Starting point is 00:15:13 but it was the same pattern that we had when we were solving that maximum consecutive ones. And the way we solved that was by creating a function object in the form of a struct that overloaded the function call operator like three or four different times for dealing with the different cases of do I have sort of that information, like information struct and a single element? Or do I have two like information structs on the left and right? So it dealt with the cases of like, am I doing my first little pass on a chunk of the array and building up the information

Starting point is 00:15:48 and then doing like the down sweep and the up sweep? But like, does that not qualify as associative? So I'm looking at your Godbolt example here. Which operator are we talking about? Is it the one in the K function or the K2 function or the scan reduce lift function? But I wonder whether maybe him and us are working from a different definition of what associative means. If you look at either K2.

Starting point is 00:16:22 Yeah. K2 is the easiest because it's not split into that scan reduce lift thing so basically what what we're looking at just so that we're not just randomly talking about some godbolt example is we're looking at three different solutions to caddane's algorithm and caddane's algorithm is a solution to solving the maximum uh subarray sum problem. So if you're given a list of numbers that are negative and positive, what's the longest contiguous sequence of elements such that it maximizes the sum of that subarray?

Starting point is 00:16:57 So just do a proof. Like, just, you took a, you must have taken a class in college where you did proofs, right? I took discrete mathematics, but yeah. Here, let me send you the tweet that Trolls sent. I think that's the easiest way to think this through, is to just sit down and write out a proof. Maybe we can even do that now.

Starting point is 00:17:29 Essentially, you... But that's the thing. I think his point is that, so if you click that tweet, it'll bring you, I sent it in the chat. It says, how can f of x, so f that takes two parameters where the first one is x and the second one is f of y and z, be the same as if you switch the f of x and y, z, if they have different types. But that's the thing is like – Well, I think he's going along the same logic that I'm going along, that that statement that he has there in his tweet, that's what you want to prove. Just take your operator and plug it in and see what happens. Well, so that's why I'm getting back to the maximum consecutive ones problem. So if you haven't listened to that, that was a couple episodes actually,

Starting point is 00:18:33 but the one where we really dive into it and then it's called the loss reduction episode 25. I was going to say, don't you recall that like in that function object, like we have overloaded the function call operator. And that's where the disagreement between us and him comes up so he's he's asking how can f of x comma f y z be equal to f of f x y comma z if f y comma z has a different type than z yeah um and then he asks maybe we are using different definitions of associative and i think he's right that we are because in in our thinking um uh overloading you know f could be an overloaded function, right? That F could take,

Starting point is 00:19:26 it could take either, you know, a pair as the second argument, or it could take a scalar element. But I think... Isn't that cheating? I feel like that's cheating, is that like, so like, isn't, aren't we bending the definition of associative then? Yes. I mean, I think it's hard to say. Isn't this in the ISO standard? Like, do we define what we mean by associative? I don't think so. I mean, it's really, but the question isn't what we define as associative here. The question is, what do we define as an operation?

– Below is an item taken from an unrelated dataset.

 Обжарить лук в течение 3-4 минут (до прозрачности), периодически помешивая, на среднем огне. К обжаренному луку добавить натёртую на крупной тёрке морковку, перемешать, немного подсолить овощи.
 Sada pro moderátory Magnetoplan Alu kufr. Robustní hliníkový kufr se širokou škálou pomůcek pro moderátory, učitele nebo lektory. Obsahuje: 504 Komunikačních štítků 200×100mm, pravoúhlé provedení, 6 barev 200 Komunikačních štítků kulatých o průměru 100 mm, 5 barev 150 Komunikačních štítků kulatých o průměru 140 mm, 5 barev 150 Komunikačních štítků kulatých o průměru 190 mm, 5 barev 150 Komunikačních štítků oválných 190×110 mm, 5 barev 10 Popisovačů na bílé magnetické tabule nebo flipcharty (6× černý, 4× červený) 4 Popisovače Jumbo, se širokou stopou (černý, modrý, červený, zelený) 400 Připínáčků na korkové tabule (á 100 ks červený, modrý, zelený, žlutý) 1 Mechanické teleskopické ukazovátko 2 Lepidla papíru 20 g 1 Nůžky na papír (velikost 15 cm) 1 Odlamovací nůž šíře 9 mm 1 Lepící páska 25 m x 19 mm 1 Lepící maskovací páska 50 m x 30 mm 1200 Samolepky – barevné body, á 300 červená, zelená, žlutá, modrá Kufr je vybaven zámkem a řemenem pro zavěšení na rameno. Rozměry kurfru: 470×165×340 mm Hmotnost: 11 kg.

Starting point is 00:20:08 Like, what do we define as f? If we say that f is only a single overload, then yeah, this couldn't be associative. But if we say that f is an overload set or if f is a function object um then sure this this could be um uh associative and i think i would even argue from um from like a mathematical grounds i don't see any reason that you couldn't define, uh, uh, of, of, of function this way. Um, you know, there's, there's, there's no reason to restrict yourself to, uh, uh, just to requiring that the second parameter is just a single type. And in fact, I would go a step further. One of the tricks that I used in that maximum consecutive ones in a couple of my little prototypes was

Starting point is 00:21:25 relying on implicit conversions so this reduction that you're doing it's a reduction over what like a pair of int and then what's the data type this is the data type like int for the input sequence yeah basically it's a pair of int and then what's the data type this is the data type like int for for the input sequence yeah basically it's a pair of ints and one of them represents sort of a internal scan that we're doing and then the other int represents a maximum value over that scan which the point is is that like when you have a scam followed by a reduction you don't actually need to do the scan in terms of like writing to a linear amount of memory. You can just fuse those into a single reduction.

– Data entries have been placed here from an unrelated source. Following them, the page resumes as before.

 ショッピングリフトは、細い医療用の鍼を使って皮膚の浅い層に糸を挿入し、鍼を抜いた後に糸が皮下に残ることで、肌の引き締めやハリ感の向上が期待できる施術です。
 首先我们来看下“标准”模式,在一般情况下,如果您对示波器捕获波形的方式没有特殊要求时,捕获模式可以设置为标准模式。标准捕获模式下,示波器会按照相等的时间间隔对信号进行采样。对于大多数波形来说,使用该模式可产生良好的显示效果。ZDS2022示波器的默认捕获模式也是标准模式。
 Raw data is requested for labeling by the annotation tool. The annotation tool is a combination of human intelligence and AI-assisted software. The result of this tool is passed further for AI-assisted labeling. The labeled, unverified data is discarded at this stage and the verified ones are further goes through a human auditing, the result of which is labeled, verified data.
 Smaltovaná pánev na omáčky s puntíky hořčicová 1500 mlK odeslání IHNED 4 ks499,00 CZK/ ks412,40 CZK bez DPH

Starting point is 00:22:10 So, you know, one way that you could implement this operator is you could have one overload that takes pair and then, you know, pair events and then int. And then you could have one overload that takes pair events and then pair events, and then int. And then you could have one over there that takes pair events and then pair events. But you could also pick some sentinel value. You know, what is the second pair? Like in this pair events, what are the two values that are represented? The first value in the pair is the maximum. So like you see how we're doing a dot first at the very end?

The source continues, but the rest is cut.